Он единственный человек, кто может ее понять. Между ними еще сохранилась дружеская близость ежевечерних бесед в конторе соцстраха. Он тотчас напомнил ей. как она поначалу отвергала его уговоры, и тем самым подстегнул ее. Все возражения он знал наперед.
— И все-таки я была права. Лучше бы я осталась дома.
— Ах, вот как! — сказал он. — У вас есть сейчас время?
Она кивнула, хотя знала, что Манфред будет беспокоиться. Они вышли в туман и долго брели пешком, потому что трамваев было очень мало. Счастье еще, что Шварценбах живет в той же части города, что и она. У его дома они столкнулись с женщиной и двумя детьми: это была его жена и дети. Ребята, оба черные как смоль, бросились к отцу. Мать забирает их по вечерам из разных детских садов.

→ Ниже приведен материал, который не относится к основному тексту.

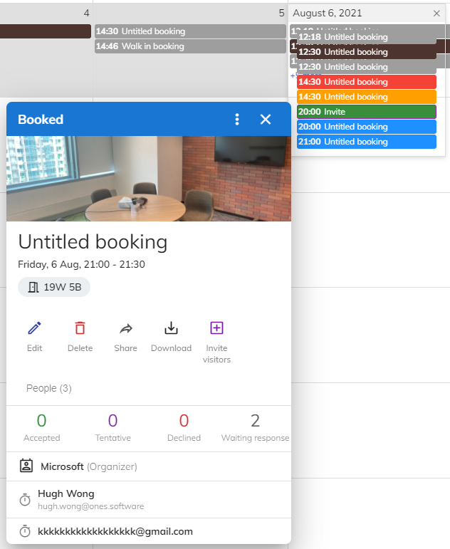 予約を立てるか招待されると、関連する予約がカレンダーに表示されます。 [予約] をクリックして詳細を表示できます。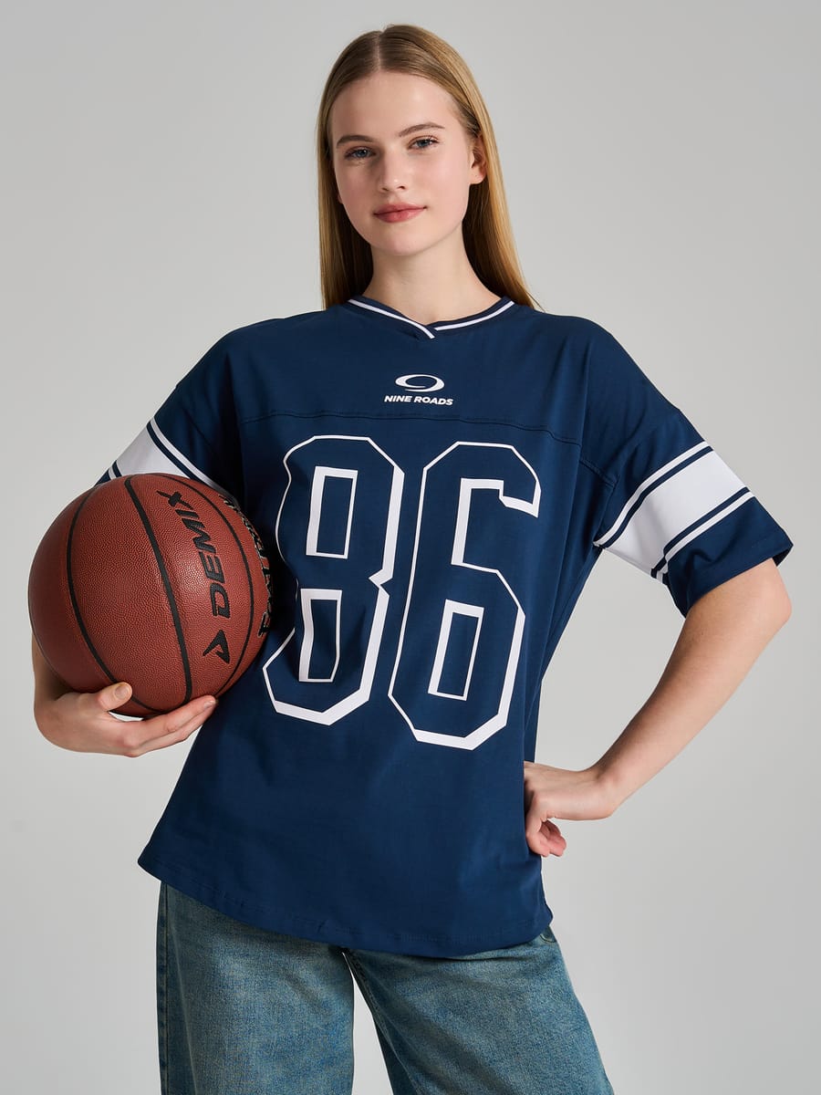 Женская футболка от бренда ТВОЕ — это воплощение комфортного стиля, где практичность гармонично сочетается с модными акцентами 2025 года. Модель в тёмно-синем цвете с деликатной гладкой фактурой притягивает взгляд и легко вписывается в повседневные образы, сохраняя при этом дух эстетики Y2K. версайз крой придаёт модели расслабленную непринуждённость — она не сковывает движений, позволяя свободно заниматься бегом, йогой или просто наслаждаться неспешными прогулками. Особенность дизайна — V образный трикотажный вырез, который деликатно подчёркивает линию шеи и добавляет силуэту изящества. Короткий рукав обеспечивает комфорт в демисезон, а ненавязчивая надпись «86» становится тонким штрихом, придающим вещи индивидуальность.

— В подъезде он поцеловал жену, словно меня и не было.
Вообще ей очень понравилось все семейство. Конечно, не могло быть и речи о том, чтобы сию же минуту поговорить с Шварценбахом по душам. Его закрутил водоворот домашних дел, как это бывает в семьях, где все работают и целый день не видят друг друга. Надо было приготовить ужин, вымыть детей, выслушать все ребячьи переживания и приключения и правильно их объяснить. Обязанности были четко распределены между супругами. Рита с удовольствием наблюдала за происходящим и даже получила разрешение проверить у старшего мальчугана урок по арифметике, выполненный прямым уверенным почерком с веселенькими Закорючками.
— Я отлично чувствовала себя в их тесной, шумной комнате. Вначале, правда, я удивлялась, что Шварценбаху это нравится. Мне казалось, что он любит тишину и что жена у него должна быть кроткая и задумчивая. Но она оказалась совсем, совсем другая — много моложе его, деятельная, веселая. Ее густые, вьющиеся черные волосы от влажного воздуха торчали во все стороны. Ничего подобного мне не приходилось видеть. Но впечатление от нее светлое…
Жена Эрвина Шварценбаха — учительница. После ужина, когда ее муж и его юная приятельница сели поговорить, она тоже осталась.
— Эта девушка пришла, чтобы отругать меня, — сказал Шварценбах жене. — А все потому, что я вытащил ее из деревни и тихой конторы: ведь это та самая девушка, с которой я коротал тогда вечера.
— В первую же минуту, — рассказывала Рита Манфреду, — у меня словно камень с души свалился.
Действительно, даже не успев обменяться с ним ни словом, она почувствовала, что получит ответы на все свои вопросы.
— Я сама часто думала, что мои страдания — плод больного воображения. Но Шварценбахи и не пытались меня ни в чем убеждать. Они не твердили: имейте терпение, скоро привыкнете.
Так иногда говорил ей Манфред.
— Но в чем же, собственно, дело? — переспросил он. — Что тебя мучает?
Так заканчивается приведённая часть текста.